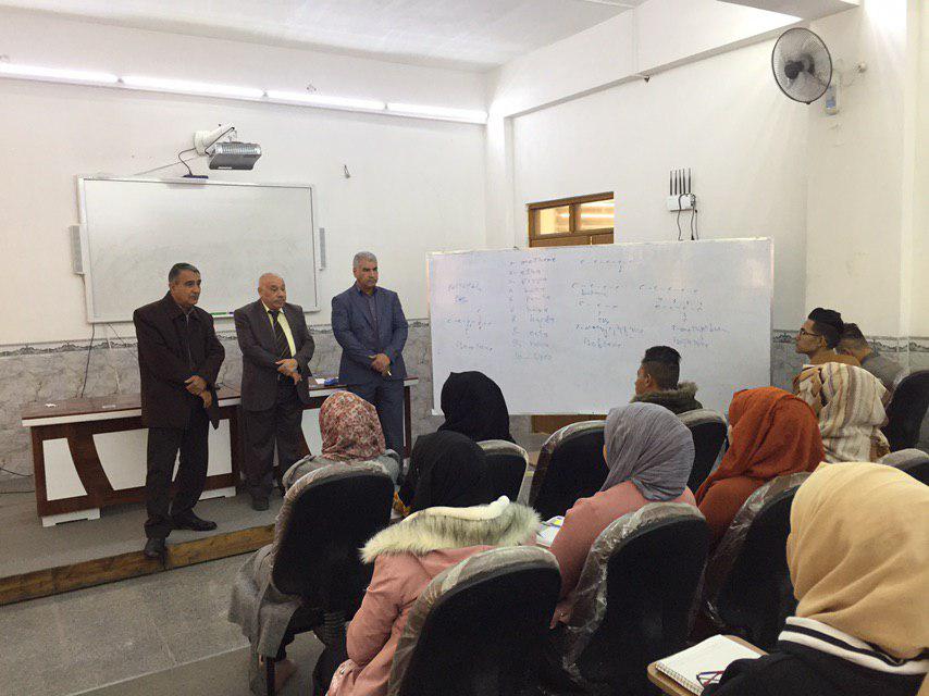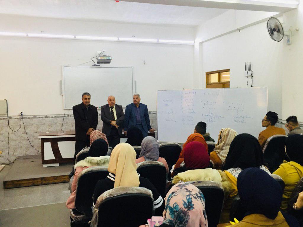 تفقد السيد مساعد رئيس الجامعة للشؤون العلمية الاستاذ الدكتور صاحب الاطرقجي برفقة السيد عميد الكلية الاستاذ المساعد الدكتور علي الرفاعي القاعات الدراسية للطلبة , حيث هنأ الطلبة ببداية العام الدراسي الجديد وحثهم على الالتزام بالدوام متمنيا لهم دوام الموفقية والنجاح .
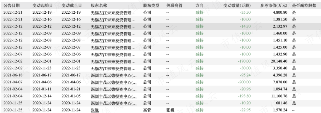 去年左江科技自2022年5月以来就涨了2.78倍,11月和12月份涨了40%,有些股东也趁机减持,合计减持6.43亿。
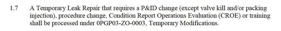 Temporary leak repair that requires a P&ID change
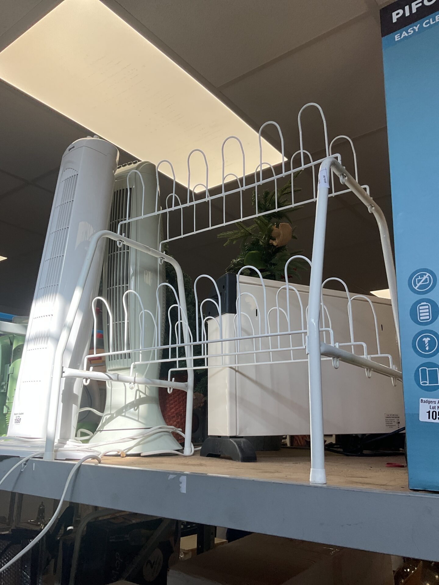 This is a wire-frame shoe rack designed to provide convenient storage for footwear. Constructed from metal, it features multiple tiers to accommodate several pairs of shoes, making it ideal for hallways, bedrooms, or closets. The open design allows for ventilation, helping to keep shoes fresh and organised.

◆ ◆ ◆ ◆ ◆ ◆ ◆

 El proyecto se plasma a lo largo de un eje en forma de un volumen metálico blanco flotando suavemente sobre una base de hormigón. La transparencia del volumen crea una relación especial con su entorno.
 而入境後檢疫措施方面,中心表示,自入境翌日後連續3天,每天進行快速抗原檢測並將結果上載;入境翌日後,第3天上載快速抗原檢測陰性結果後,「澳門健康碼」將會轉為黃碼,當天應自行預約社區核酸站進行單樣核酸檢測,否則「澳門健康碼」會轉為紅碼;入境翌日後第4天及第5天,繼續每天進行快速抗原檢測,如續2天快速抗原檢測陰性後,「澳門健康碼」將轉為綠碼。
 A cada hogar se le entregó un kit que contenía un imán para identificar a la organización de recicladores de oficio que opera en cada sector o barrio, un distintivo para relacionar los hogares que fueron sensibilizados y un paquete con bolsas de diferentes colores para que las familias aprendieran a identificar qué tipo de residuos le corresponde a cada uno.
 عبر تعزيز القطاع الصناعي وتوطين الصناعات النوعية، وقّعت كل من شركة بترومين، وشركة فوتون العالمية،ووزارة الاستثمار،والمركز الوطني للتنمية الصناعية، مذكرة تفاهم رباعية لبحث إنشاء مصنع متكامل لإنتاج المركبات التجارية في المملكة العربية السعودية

◆ ◆ ◆ ◆ ◆ ◆ ◆

**PROBLEM REQUIREMENTS:**
From the listing above, repeat exactly the lines starting at the line that includes "而入境後檢疫措施方面,中心表" and ending at the line that includes "عبر تعزيز القطاع", with nothing outside that span.

**SOLUTION:**
 而入境後檢疫措施方面,中心表示,自入境翌日後連續3天,每天進行快速抗原檢測並將結果上載;入境翌日後,第3天上載快速抗原檢測陰性結果後,「澳門健康碼」將會轉為黃碼,當天應自行預約社區核酸站進行單樣核酸檢測,否則「澳門健康碼」會轉為紅碼;入境翌日後第4天及第5天,繼續每天進行快速抗原檢測,如續2天快速抗原檢測陰性後,「澳門健康碼」將轉為綠碼。
 A cada hogar se le entregó un kit que contenía un imán para identificar a la organización de recicladores de oficio que opera en cada sector o barrio, un distintivo para relacionar los hogares que fueron sensibilizados y un paquete con bolsas de diferentes colores para que las familias aprendieran a identificar qué tipo de residuos le corresponde a cada uno.
 عبر تعزيز القطاع الصناعي وتوطين الصناعات النوعية، وقّعت كل من شركة بترومين، وشركة فوتون العالمية،ووزارة الاستثمار،والمركز الوطني للتنمية الصناعية، مذكرة تفاهم رباعية لبحث إنشاء مصنع متكامل لإنتاج المركبات التجارية في المملكة العربية السعودية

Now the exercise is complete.